# taz.de -- Roboter muss USA-Reise beenden: Arme abgerissen, Kopf gestohlen
       
       > Der trampende Roboter „hitchBOT“ sollte einmal quer durch die USA reisen.
       > Doch nun wurde er von Vandalen zerstört.
       
 (IMG) Bild: Da chillt er noch: Der Hitchbot auf Vancouver Island.
       
       Philadelphia dpa | Alles hätte so schön werden können: Sommer, Sonne und
       ein Roadtrip quer durch die USA. Per Anhalter war das Roboterkunstwerk
       [1][„hitchBOT“] bereits durch Kanada und Deutschland gereist und dabei zum
       Medienstar geworden. Nun stand die ultimative Tour durch die Vereinigten
       Staaten auf dem Programm, von Massachusetts im Osten bis nach Kalifornien
       im Westen, alles per Anhalter mit Zeit ohne Ende.
       
       Doch die großen Reisepläne des kleinen Roboters platzten am Wochenende
       schon in der Ostküstenmetropole Philadelphia, nur rund zwei Wochen und 500
       Kilometer nach dem Start: "hitchBOT“, das liebenswert-niedlich aussehende
       Konstrukt aus Eimer, Schwimmnudeln, Kinder-Gummistiefeln und einem
       Tablet-Computer als Hirn, wurde zerstört.
       
       „Wir sind immer noch dabei, Informationen über den Hergang
       zusammenzutragen“, sagt seine Mit-Erfinderin Frauke Zeller von der
       Ryerson-Universität in Toronto kurz darauf der Deutschen Presse-Agentur.

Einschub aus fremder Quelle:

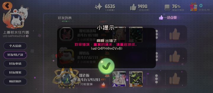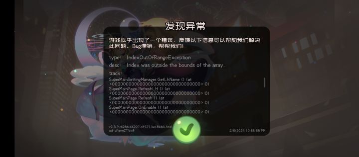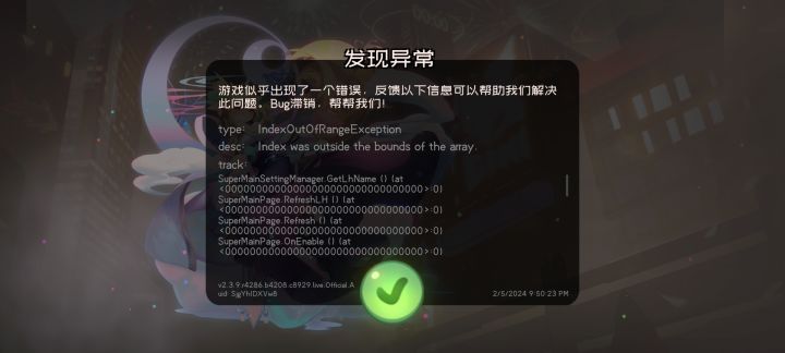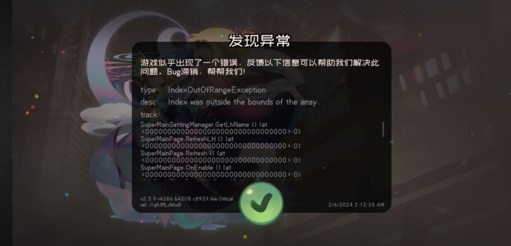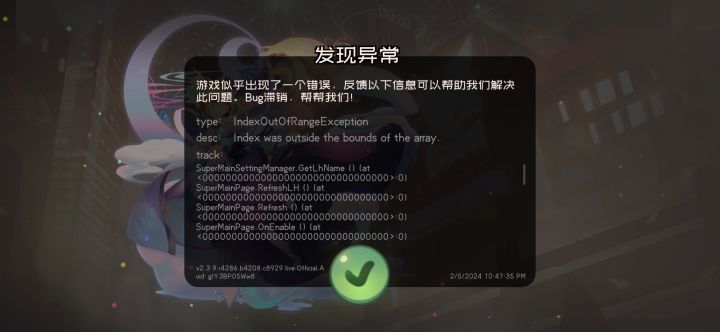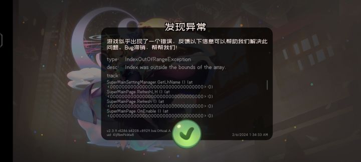 今天刚入坑,玩了会退出去重登就成这样了,一直显示发现异常,什么都做不了
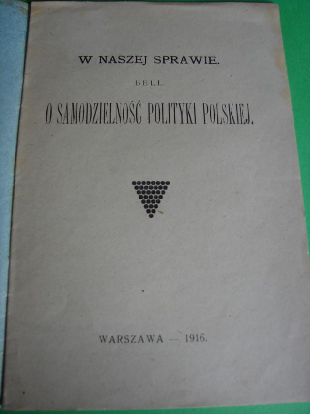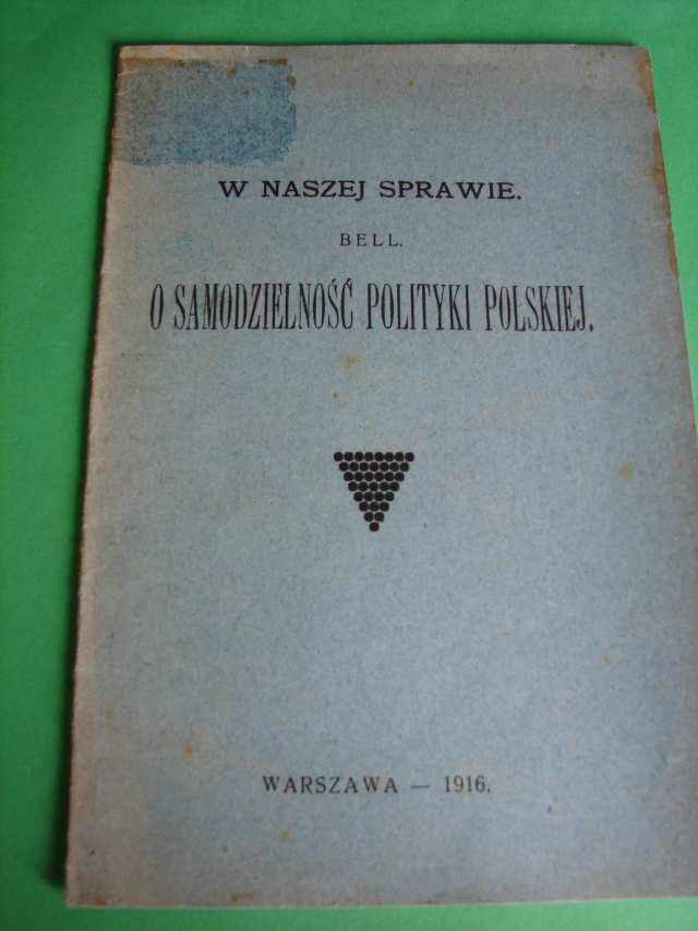 [MOSZCZEŃSKA Iza] BELL. [pseud.]: W naszej sprawie. O samodzielność polityki polskiej. - Warszawa, 1916.- 16 s.- Okładki wydawnicze broszurowe, przebarwione w górnej partii.
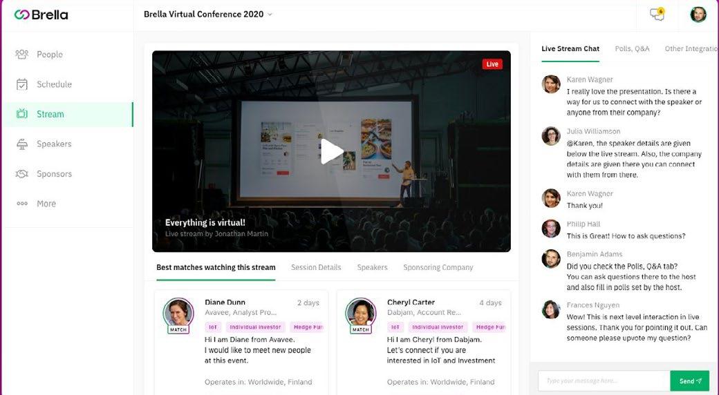 The introduction of the Brella matchmaking platform introduced unprecedented networking opportunities generated by intent-based, AIdriven matchmaking technology. Based on our experience with Brella during Mexico Oil & Gas Summit 2020, we see tremendous opportunities to create additional value for both sponsors and attendees through the optimization of the use Brella at future conference.

       „Da wir ja nicht dabei waren, müssen wir uns darauf verlassen, was uns
       berichtet wird.“ Direkt vor dem Vorfall habe der 90 Zentimeter große
       „hitchBOT“ wohl noch eine „tolle Zeit“ mit zwei YouTube-Stars in
       Philadelphia gehabt. Am frühen Samstagmorgen hätten die ihn dann
       anscheinend auf einer Parkbank in Philadelphia ausgesetzt.
       
       „Danach muss es passiert sein. Die Arme wurden abgerissen, der Kopf
       gestohlen und der Rest des Körpers einfach in der Straße liegen gelassen.“
       Wer dahinterstecke, sei unklar, aber das Roboterkunstwerk könne so schnell
       nicht mehr repariert werden, der USA-Trip sei vorbei.
       
       ## Erst mal Reste einsammeln
       
       „Uns hat dieses plötzliche Ende sehr überrascht, da die Reise in den
       Staaten so erfolgreich gestartet war“, sagt Zeller, die die Vandalen nicht
       zur Rechenschaft ziehen will. „Wir wollen versuchen, über dieses letzte
       schlimme Event nicht all die anderen, wunderbaren Sachen und Abenteuer zu
       vergessen, die „hitchBOT“ Dank der Hilfe so vieler Menschen erfahren hat.“
       Der Aufschrei im Internet, wo „hitchBOT“ alleine beim Kurznachrichtendienst
       Twitter [2][mehr als 47.000 Fans] hat, ist groß. „Oh nein!“, schreibt
       einer. „Das kann doch gar nicht wahr sein! Wir werden dich vermissen!“,
       kommentiert ein anderer.
       
       Für das Forscherteam hinter dem Roboter, dessen Reisen als
       sozialwissenschaftliche Experimente dienen, heißt es nun erst einmal: Reste
       aufsammeln. Ein Fan habe wohl Trümmerteile von „hitchBOT“ gefunden, sagt
       Zeller. „Wir werden versuchen, mit diesem in Kontakt zu treten und einen
       Weg zu finden, diese zu uns nach Toronto schicken zu lassen. Wo allerdings
       der Kopf ist, weiß niemand.“ Danach sollen alle Daten und Informationen
       zusammengesammelt werden, um ein Fazit des Roboter-Experiments zu ziehen.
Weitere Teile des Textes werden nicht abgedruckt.